- BRIEF
Your copy should hold the lines below from the first through the one that contains "Новый асфальт на Парковом проезде", each retyped exactly, and no pictures.
═════ SUPPLIED MATERIAL
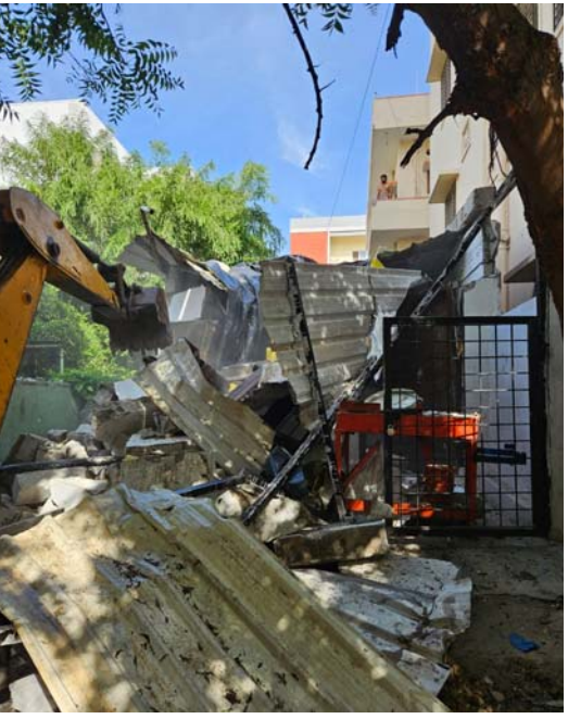
నాలాపై నిర్మించిన అక్రమ నిర్మాణాలను గతంలో జిహెచ్ఎసి అధికారులు తొలగించిన దృశ్యం
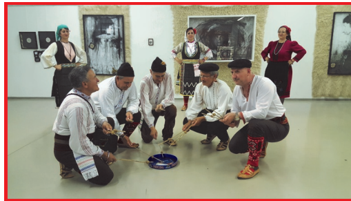
Ветеранска ФГ, промоција на нови кореографии
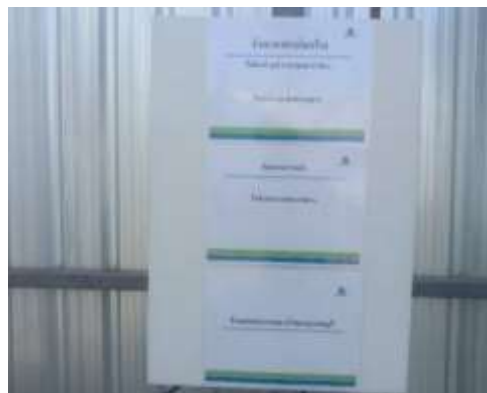
รูปที่ 36 ป้ายกำหนดช่วงเวลาในการทำงาน (ปัจจุบันได้ทำการรื้อถอนเรียบร้อยแล้ว)
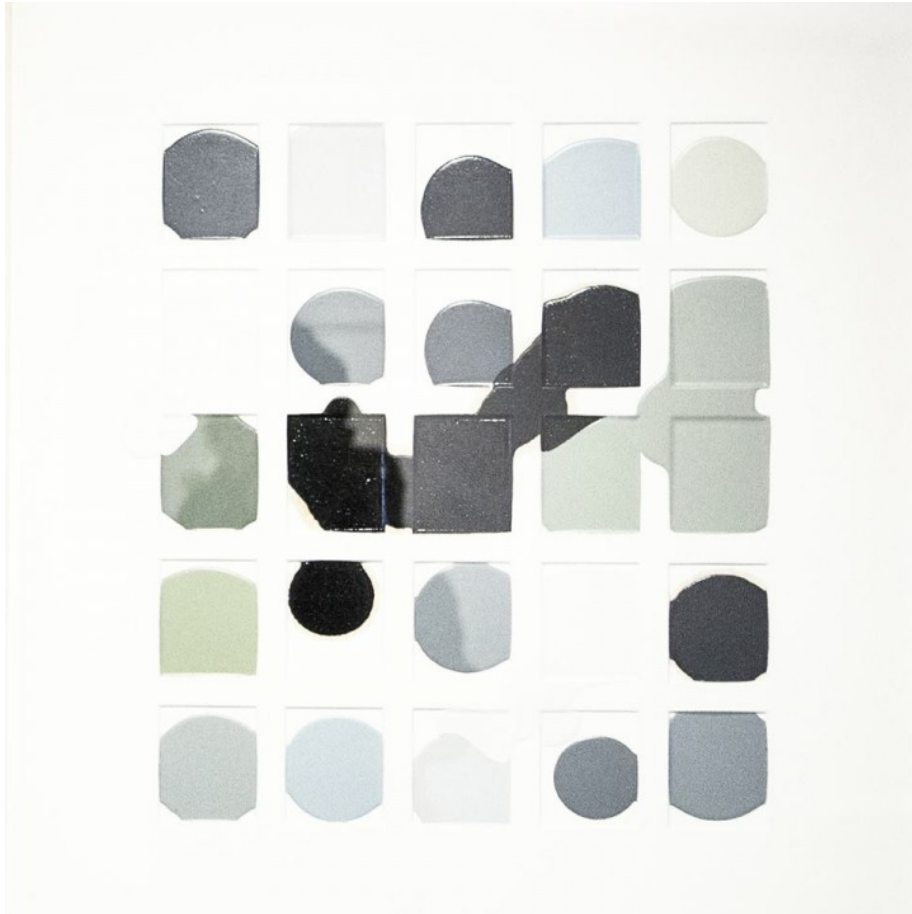
"Ensayo error", 2016. 59x64cm. Esmalte. Galería L&B

L: Has pasado una temporada viviendo en Berlín, ¿dónde estás afincado ahora?
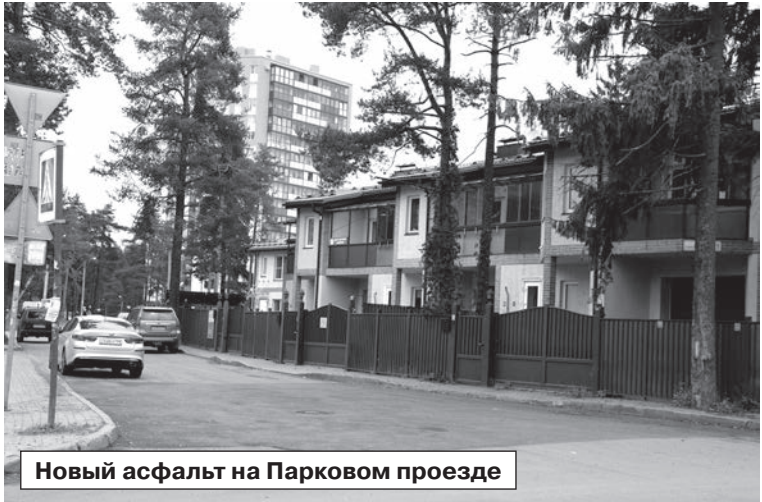
Новый асфальт на Парковом проезде
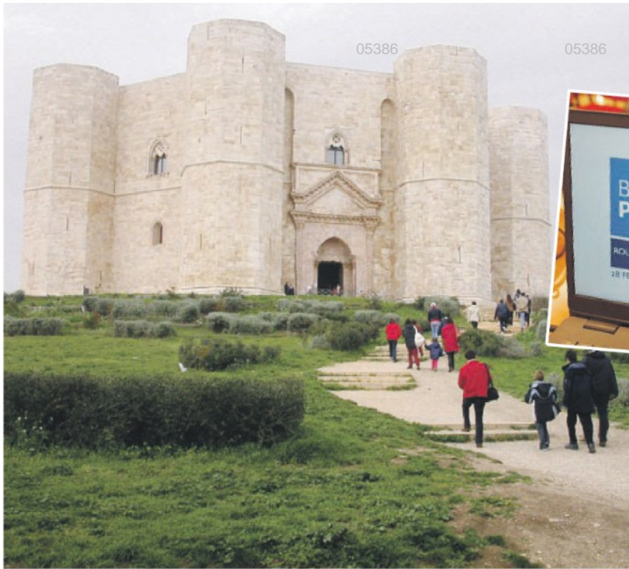
TURISMO Visitatori a Castel del Monte. Sotto, il cartello di presentazione di «BuyPuglia Routes & Experiences» e «Btm-Business Tourism Management». In basso il presidente della Regione Puglia Michele Emiliano
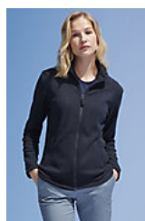
SOL'S NORMAN WOMEN 02094
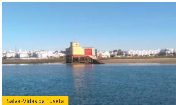
Salva-Vidas da Fuseta

Estas intervenções continuarão a ser efetuadas na freguesia, sempre que tal seja necessário para benefício da população.
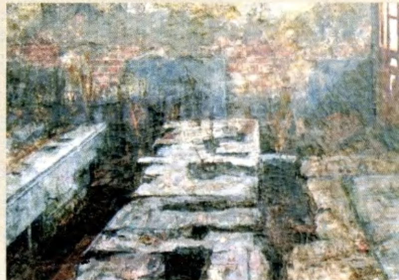
藤田充孝「変電所の跡」
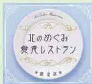
道産食材を使用したこだわり料理を提供する飲食店などを認定
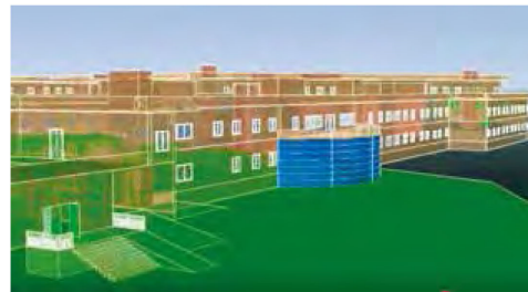
Progetto provvisorio del futuro Ospedale di Siracusa ...

Partendo dall'antico Asklepeion di Ortigia e proseguendo nei secoli attraverso le varie istituzioni ospedaliere medievali e moderne della città, fino a giungere ai nostri giorni e, dunque, fino all'attuale Umberto I, la storia dell'ospedalità siracusana ha coinciso con una estenuante battaglia contro la malattia e la miseria, una autentica lotta per la sopravvivenza, alla continua ricerca delle proprie conquiste di civiltà. E tutto questo fino all'ultima di queste conquiste in ordine cronologico: quella della Radioterapia, così fortemente voluta dall'intera comunità. Ci sia consentito concludere, allora, con una riflessione che è insieme una sfida e un augurio. Quando fu realizzato il primo monoblocco dell'Umberto I nel 1953, si guardò a quella struttura come all'agognata soluzione di tutti i mali. Oggi quella stessa struttura ci appare impietosamente sorpassata dal sopraggiungere delle nuove esigenze, angusta, soffocata, inadeguata, incapace di valorizzare le belle professionalità che vi lavorano ed inadatta a soddisfare le moderne richieste dei cittadini. È per questo che questo excursus che ci ha consentito di gettare uno sguardo nel passato non può che concludersi proiettando lo stesso sguardo nel futuro ed in una nuova sfida che, nel segno di un grande senso civico, deve vedere tutti i siracusani accomunarsi nella ricerca dell'interesse e del bene comune. Una sfida, insomma, che è un augurio. Eccolo ... :
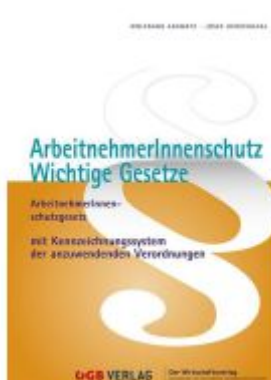
ArbeitnehmerInnenschutz. Ladenpreis: 72,80EUR
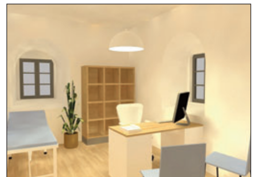
Blick in ein Behandlungszimmer

Hier werden unter anderem behindertengerechte Parkplätze, eine neue Zuwegung und auch eine kleine Terrasse als Pausenmöglichkeit für die Mitarbeiterinnen und Mitarbeiter entstehen. Durch die Maßnahme wird die Erreichbarkeit der Arztpraxis erheblich verbessert. Auch für das Team der Arztpraxis ergeben sich verbesserte Bedingungen für
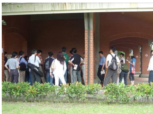
集合簽到、老師解說綠建築指標。
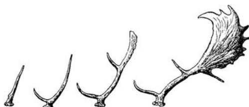
Figura 1. De izquierda a derecha, cuernas de gamo de uno, dos, tres y siete años. Según Cabrera (1914).

Como en la mayoría de los cérvidos, el aspecto externo de machos y hembras es muy distinto, con dimorfismo sexual muy acentuado, sobre todo cuando alcanzan la edad adulta, ya que sólo los machos tienen cuernas. Éstas, echadas hacia atrás e implantadas sobre pedúnculos muy cortos, presentan tres candiles y una ancha palma que se rasga en varias puntas, característica de esta especie. Las cuernas planas del gamo son únicas en su aspecto entre los cérvidos actuales; solamente el alce ( Alces alces ) y, en parte, el reno ( Rangifer tarandus ) poseen también cuernas aplanadas, aunque de aspecto muy diferente.
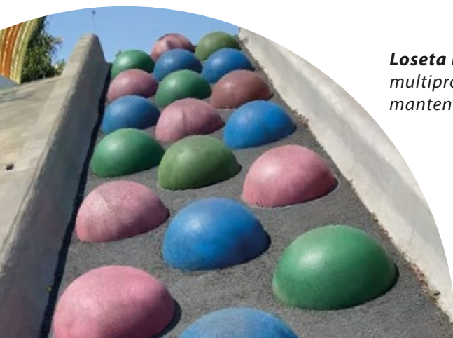
Loseta Burbuja de Caucho: Loseta de caucho multipropósito de fácil instalación y mantenimiento.
══════════
- TASK SOLUTION
నాలాపై నిర్మించిన అక్రమ నిర్మాణాలను గతంలో జిహెచ్ఎసి అధికారులు తొలగించిన దృశ్యం
Ветеранска ФГ, промоција на нови кореографии
รูปที่ 36 ป้ายกำหนดช่วงเวลาในการทำงาน (ปัจจุบันได้ทำการรื้อถอนเรียบร้อยแล้ว)
"Ensayo error", 2016. 59x64cm. Esmalte. Galería L&B

L: Has pasado una temporada viviendo en Berlín, ¿dónde estás afincado ahora?
Новый асфальт на Парковом проезде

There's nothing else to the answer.